Democrats and their media allies are warning that putting Amy Coney Barrett on the Supreme Court will doom the Affordable Care Act. They predict tens of millions will be thrown off Medicaid and the sick will lose their preexisting conditions protections.
Don’t fall for this fear-mongering. Here’s a rundown of the false claims, with the facts that disprove them.
Whopper No. 1: Joe Biden warns that Barrett’s nomination is “an opportunity to overturn the Affordable Care Act.”
There’s little chance of that.
Barrett is a true conservative who believes judges should interfere as little as possible in what Congress does. “The harm inflicted by the Supreme Court’s erroneous interference in the democratic process,” she wrote in 2017, “is harder to remedy than the harm inflicted by an ill-advised statute.” That was in an article that expressly dealt with Obamacare.
It’s the same bedrock conviction that Chief Justice John Roberts, and Justices Brett Kavanaugh and Samuel Alito applied last term in Seila Law v. Consumer Financial Protection Bureau. Roberts explained that if one provision of a law violates the U.S. Constitution, the Court should use “a scalpel rather than a bulldozer,” to excise that provision, while leaving the rest of Congress’s work intact.
Obamacare is a 2,572-page legislative colossus — really three laws stuck together. One part set national rules for health insurance and required everyone to have it or pay a penalty. A second part expanded Medicaid, and a third added a hodgepodge of rules, including calorie postings on menus.
In 2012, the first time Obamacare was challenged, the justices ruled the penalty was a tax, and therefore a constitutional exercise of Congress’s taxing power. But in 2017, Congress zeroed out the penalty. The Court is now being asked to decide whether that eliminated the only constitutional basis for the mandate, or even for the entire law.
Expect the conservative majority to surgically remove only the mandate. The good news is that will liberate middle-class buyers, who were priced out of ACA plans and ineligible for subsidies, to purchase coverage they want and can afford, not Uncle Sam’s one-size-fits-all plan.
Whopper No. 2: The New York Times warns that “12 million Americans could lose coverage.” That’s how many people gained coverage through the Medicaid expansion. Despite the gray lady’s hysteria, there is hardly a reason to worry. The Court already addressed the constitutionality of the Medicaid expansion in 2012, ruling that states must be given an option not to expand. That issue is settled. Thirty-five have chosen to expand.
Whopper No. 3: Nancy Pelosi warns Barrett’s nomination “threatens the destruction of life-saving protections for 135 million Americans with preexisting conditions.”
Untrue in every way.
The protections in the ACA for preexisting conditions apply only to people in the individual insurance market, less than 6% of the population, not 135 million people.
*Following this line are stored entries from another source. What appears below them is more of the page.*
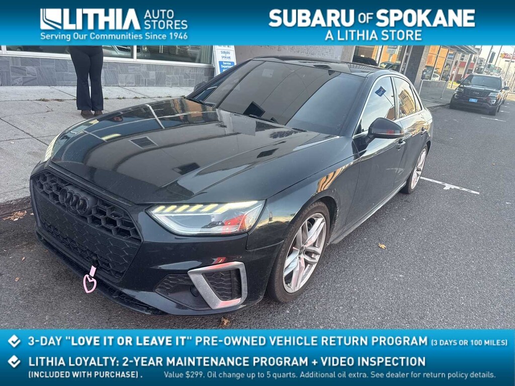2022 Audi A4 45 S line Premium Plus quattro quattro 7-Speed Automatic S tronic 2.0L TFSI 7-Speed Automatic S tronic, quattro, Leather, 10 Speakers, 4-Wheel Disc Brakes, ABS brakes, Air Conditioning, Alloy wheels, AM/FM radio, Anti-whiplash front head restraints, Audi smartphone interface (Apple CarPlay/Android Auto), Auto High-beam Headlights, Auto-dimming Rear-View mirror, Automatic temperature control, Brake assist, Bumpers: body-color, Compass, Delay-off headlights, Driver door bin, Driver vanity mirror, Dual front impact airbags, Dual front side impact airbags, Electronic Stability Control, Emergency communication system: Audi connect CARE, Exterior Parking Camera Rear, Four wheel independent suspension, Front anti-roll bar, Front Bucket Seats, Front Center Armrest, Front dual zone A/C, Front fog lights, Front reading lights, Garage door transmitter: HomeLink, Genuine wood dashboard insert, Genuine wood door panel insert, Heated door mirrors, Heated front seats, Heated Front Sport Bucket Seats, Illuminated entry, Knee airbag, Leather Seating Surfaces, Leather Shift Knob, Leather steering wheel, Low tire pressure warning, Occupant sensing airbag, Outside temperature display, Overhead airbag, Overhead console, Panic alarm, Passenger door bin, Passenger vanity mirror, Power door mirrors, Power driver seat, Power moonroof, Power passenger seat, Power steering, Power windows, Radio data system, Radio: Audi Sound System, Rain sensing wipers, Rear air conditioning, Rear anti-roll bar, Rear reading lights, Rear seat center armrest, Rear window defroster, Remote keyless entry, Speed control, Speed-sensing steering, Speed-Sensitive Wipers, Split folding rear seat, Steering wheel mounted audio controls, Tachometer, Telescoping steering wheel, Tilt steering wheel, Traction control, Trip computer, Turn signal indicator mirrors, Variably intermittent wipers, Wheels: 18 5-Double-Spoke Design, 7-Speed Automatic S tronic, quattro, Leather.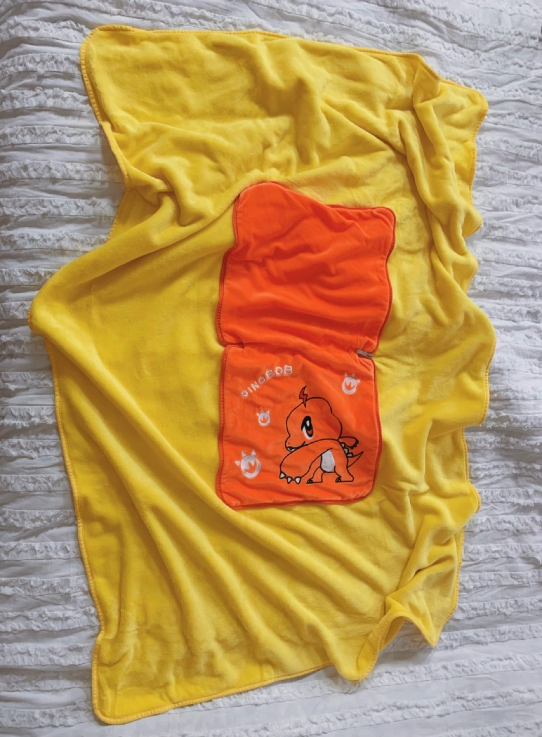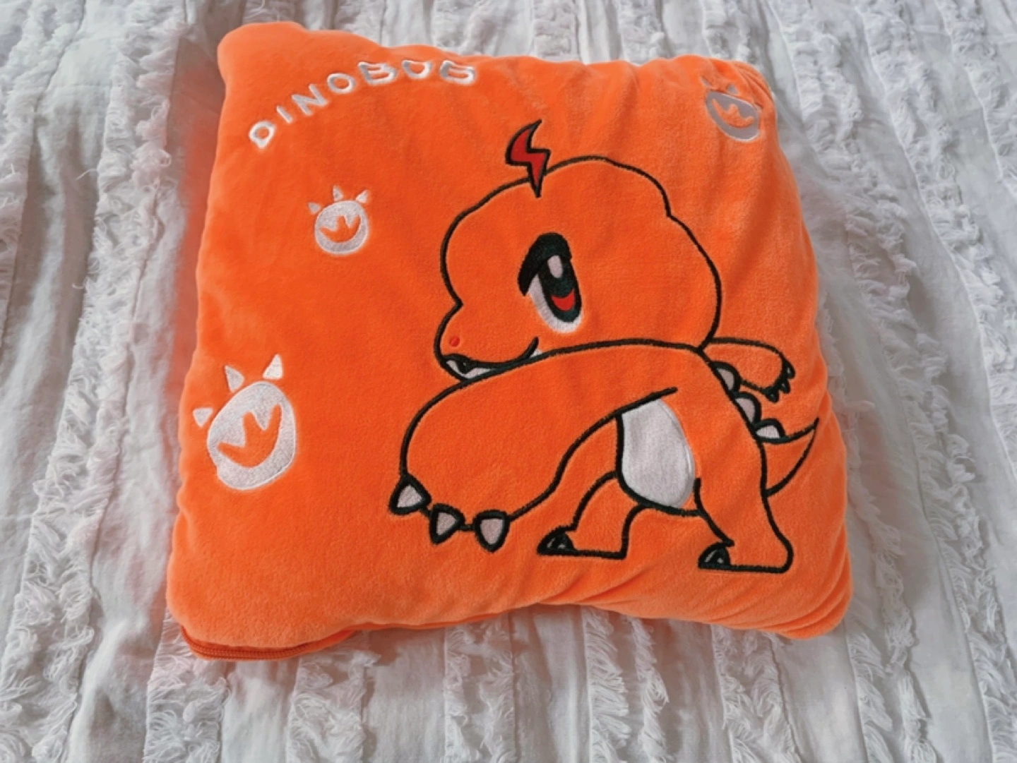 DinoBob 2-in-1 Pillow & Blanket – Soft & Cozy • Condition: Gently used, in great condition • Design: Cute embroidered orange dinosaur (DinoBob) on the pillow • 2-in-1 design: Transforms from a plush pillow into a soft blanket • Pillow Color: Orange with embroidered DinoBob character • Blanket Color: Bright yellow • Material: Soft plush fabric, warm and comfortable • Size: Compact pillow, expands into a full-size blanket • Perfect for: Kids, travel, car rides, nap time, or home use Adorable and practical 2-in-1 plush pillow and blanket featuring a cute DinoBob design. The pillow unzips to reveal a cozy yellow blanket, making it perfect for kids or as a travel companion. Soft, lightweight, and easy to carry!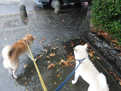 しかも、お散歩の頃には、結構まとまった雨足、、
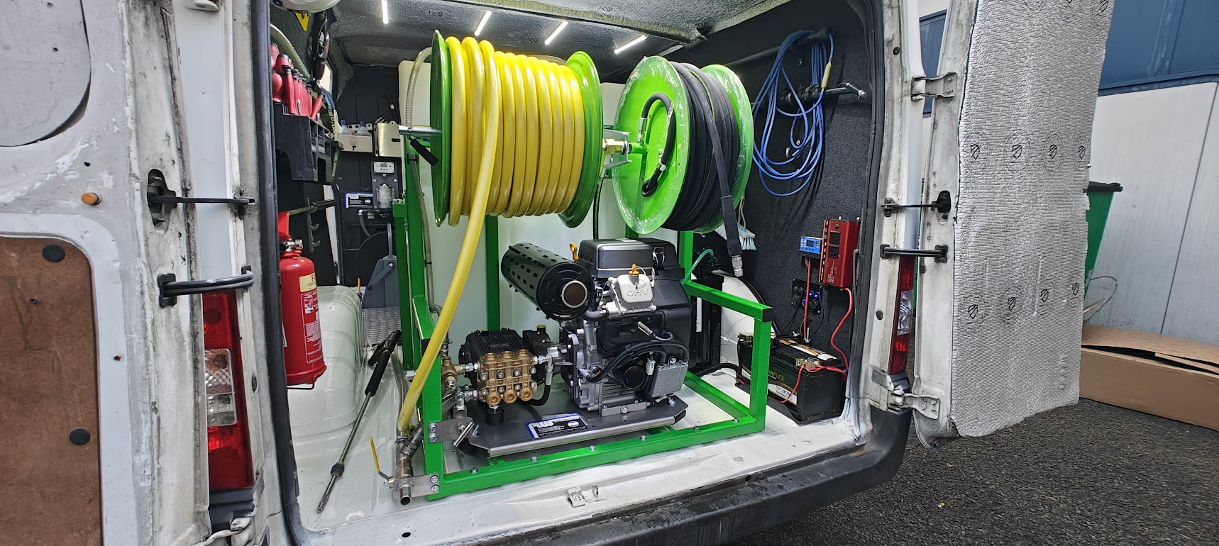 Outperforms standard machines in construction yards, plant hire, and heavy-equipment cleaning.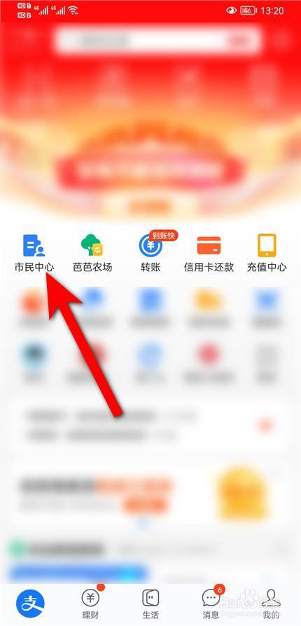 进入app,点击市民中心。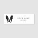 Name Tag Template ideal für Hundepflege, Hundeschlittschuh, Hundesachen, Haustierfotografen. Das moderne Design zeigt den französischen Bulldoggen Kopf und Ihren Namen.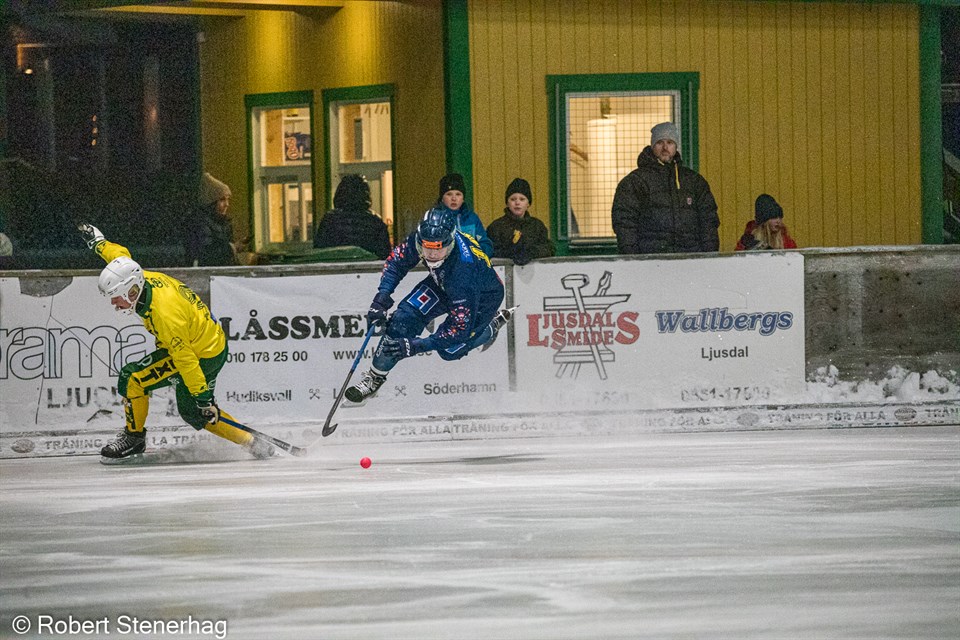 Falu BS föll på Ljusdals IP mot topptippade hemmalaget som vann med 2-1 (1–1) på trettondagen. BS tog ledningen, målet gjordes av Isac Johansson, grym nedtagning på friläge på ett fint lyft av Fredrik Eriksson. Det var en jämn och tight match där BS hade ett tveksamt bortdömt mål. – Vi spelar med högre energinivå nu, säger lagkapten Micke Olsson till DT. – Visst, en bra defensiv...men vi tog steg även offensivt i dag. Vi är helt klart med i matchen och den står och väger länge, det kunde lika gärna ha slutat med ett kryss och vi var värda en poäng. Lite surt känns det allt. På lördag väntar Kungälv på Skarpe Nord. Foto: Robert Stenerhag Ljusdals BK–Falu BS 2–1 (1–1) Mål: 0–1 (26) Isak Johansson (Fredrik Eriksson), 1–1 (36) Elias Swartswe (Klim Tarasenko), 2–1 (77) Jonas Söder (Isak Flodberg). Hörnor: 8–3 ( 4–3 ). Utvisningar: Ljusdal 4 x 10, 1 x 5 Falun 3 x 10. Domare: Peter Persson. Publik: 234.

More important, there is a consensus across party lines that people with preexisting conditions must be guaranteed insurance. Only a Neanderthal would question it. The issue is how is it paid for.
Obamacare makes healthy buyers shoulder the cost by compelling everyone of the same age to pay the same premium. That’s a rip-off, because a tiny 5% of the population with serious illnesses use 50% of the health care.
A better way is for government to pay the cost of the sick, instead of hiding it inside the premiums healthy buyers pay. Twelve states have adopted this solution since 2013, including blue states like Maryland and New Jersey. It’s called reinsurance. The Trump administration is funding these subsidies of coverage for people with preexisting conditions.
On Sept. 24, Trump signed an executive order making it national policy to protect patients with preexisting conditions, regardless of what the Supreme Court decides.
No surprise, Pelosi says it’s “not worth the paper it’s signed on.” In fact, experience shows it’s the better way forward.
With Barrett on the bench, expect the high court’s ruling to pave the way for more insurance options, a fairer way to subsidize people with preexisting conditions and lower premiums.